Вернувшийся за ними Арай застыл в изумлении, наблюдая из ворот, как его молчаливый, никого ранее не замечавший сын, спокойно поглаживает здоровенного кота, а тот с готовностью принимает детскую ласку. Николай что-то рассказывал ребёнку о соседском петухе-драчуне, который гонял даже гусей. Говорил о маленьком бычке, гулявшем недалеко на привязи, и о том, что у него уже есть рожки. Арай зажал себе горло широкой ладонью, чтобы не вырвался ни один звук, способный помешать общению его сына и человека, годящегося мальчику в деды.

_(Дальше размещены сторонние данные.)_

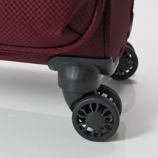 Валіза оснащена чотирма спареними роликовими колесами із високотемпературного термопластичного поліуретану (TPU). Матеріал має міцність порівнянну з пластиком, гнучкістю силікону, а також має підвищену стійкість до перепадів температур. Відмінною особливістю коліс із TPU матеріалу є зниження шуму до мінімуму при коченні валізи по нерівній поверхні. Завдяки стійкості до стирання матеріал коліс відрізняється тривалим терміном експлуатації.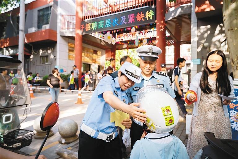 7月4日,臨放暑假前,碑林交警東大街中隊(duì)副中隊(duì)長(zhǎng)尚劍、楊瑞帶領(lǐng)網(wǎng)格民警陳曉渭、韓雪,輔警劉洋走進(jìn)碑林區(qū)建國(guó)路小學(xué),為前來(lái)參加結(jié)業(yè)典禮的學(xué)生及家長(zhǎng)贈(zèng)送反光小紅花貼紙?!八湍阋欢湫〖t花”護(hù)學(xué)活動(dòng)通過(guò)宣講、值守和獎(jiǎng)勵(lì)機(jī)制形成閉環(huán),不僅大幅提升了“一盔一帶”的佩戴率,還通過(guò)一次次進(jìn)校園宣講,有效增強(qiáng)了校園周邊的交通安全守法意識(shí)。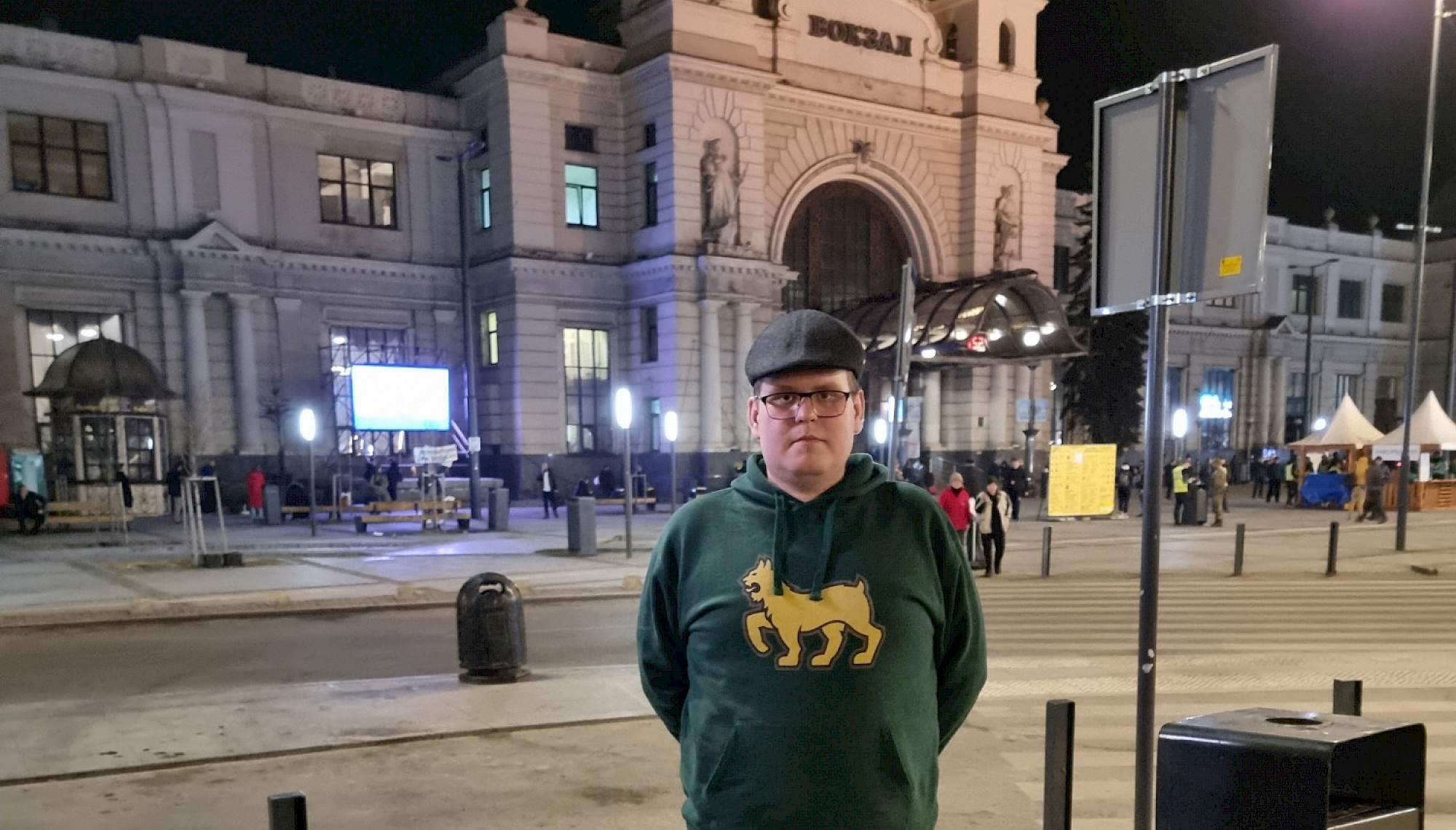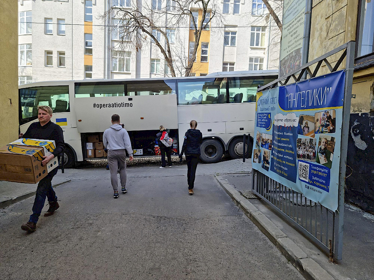Operaatio Timon mukana linja-autonkuljettaja Janne Tammisalo on ollut mukana auttamassa pakolaisia turvaan Ukrainasta. Edestakainen matka on noin 3000 kilometriä ja turvallisuussyistä autossa on aina useampi kuljettaja. Kuva Lvivin rautatieaseman edustalta.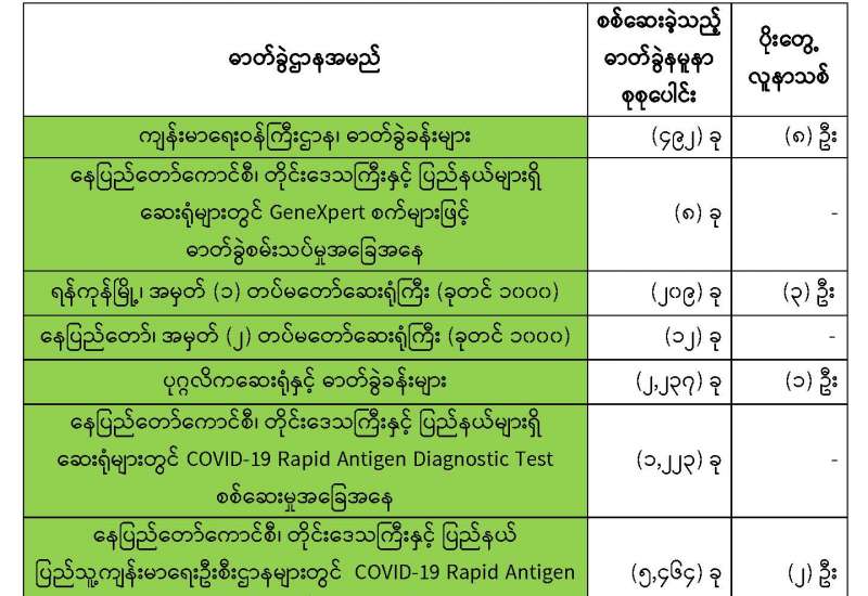 ကျန်းမာရေးဝန်ကြီးဌာနအနေဖြင့် နိုင်ငံအတွင်း ကူးစက်ဖြစ်ပွားနေသော COVID-19 ရောဂါ ကာကွယ်၊ ကုသ၊ ထိန်းချုပ်ရေးလုပ်ငန်းများကို အရှိန်အဟုန်မပြတ် ဆောင်ရွက်လျက်ရှိရာ ရောဂါ ထိန်း ချုပ်ရေးလုပ်ငန်းများ အောင်မြင်နိုင်ရေးအတွက် ပြည်သူလူထုအနေဖြင့် ကျန်းမာရေးဝန်ကြီး ဌာနမှ ထုတ်ပြန်ထားသော COVID-19 ရောဂါကာကွယ်ထိန်းချုပ်ရေးဆိုင်ရာ စည်းကမ်းများကို စနစ် တကျ လိုက်နာဆောင်ရွက်ရန် လိုအပ်ပြီး COVID-19 ကာကွယ်ဆေးထိုးနှံမှုခံယူခြင်းအား အထူးဂရုပြု ပူးပေါင်း ဆောင်ရွက်ကြရန် လိုအပ်ပါသည်။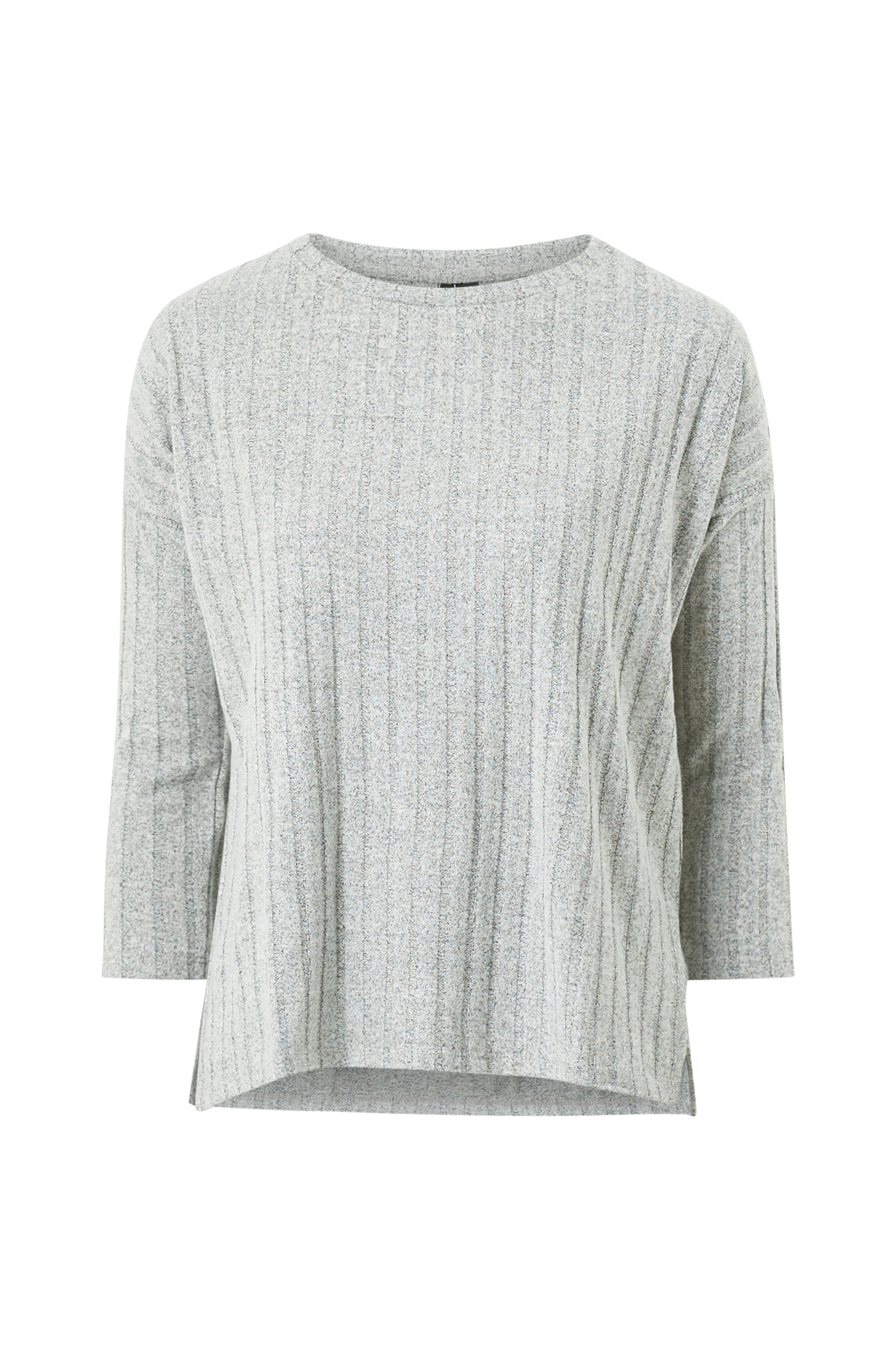 Finstrikket trøje med ribstruktur. Lige model med slidser i siderne og 3/4-lange ærmer med lav skulder.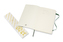 Zápisník má měkkou, ve hřbetu šitou vazbu. Obepíná ho pružná páska proti samovolnému otevírání. Každý zápisník je vybaven pořadačem poznámek, který je vyroben z tkaniny a kartonu, textilní záložkou a letákem s historií Moleskine. Papír s gramáží 70 g/m2 neobsahuje kyseliny.

И совершенно некстати в кармане зазвонил телефон, разрывая идиллию.
— Да, Лариса, — отходя вглубь двора, произнёс Арай, — у нас всё нормально.
— Я тебя не спрашивала ни о чём. Главное забыла сказать: у него в рюкзаке таблетки, которые надо давать по часам. Схему я тоже положила. Не забывай, иначе он устроит концерт в любом месте.
— Какие таблетки? Зачем? — удивился он. — Ему их прописали?
— Да! Не задавай идиотских вопросов! Всё.
Арай направился к машине, обратив внимание, как мгновенно изменилось поведение ребёнка: он снова опустил голову, сжал руки в кулачки и сидел неподвижно. Николай Палыч медленно потирал щетину и, прищурившись, смотрел на отца, взявшего рюкзак. Арай изучал содержимое, читал записку и качал головой.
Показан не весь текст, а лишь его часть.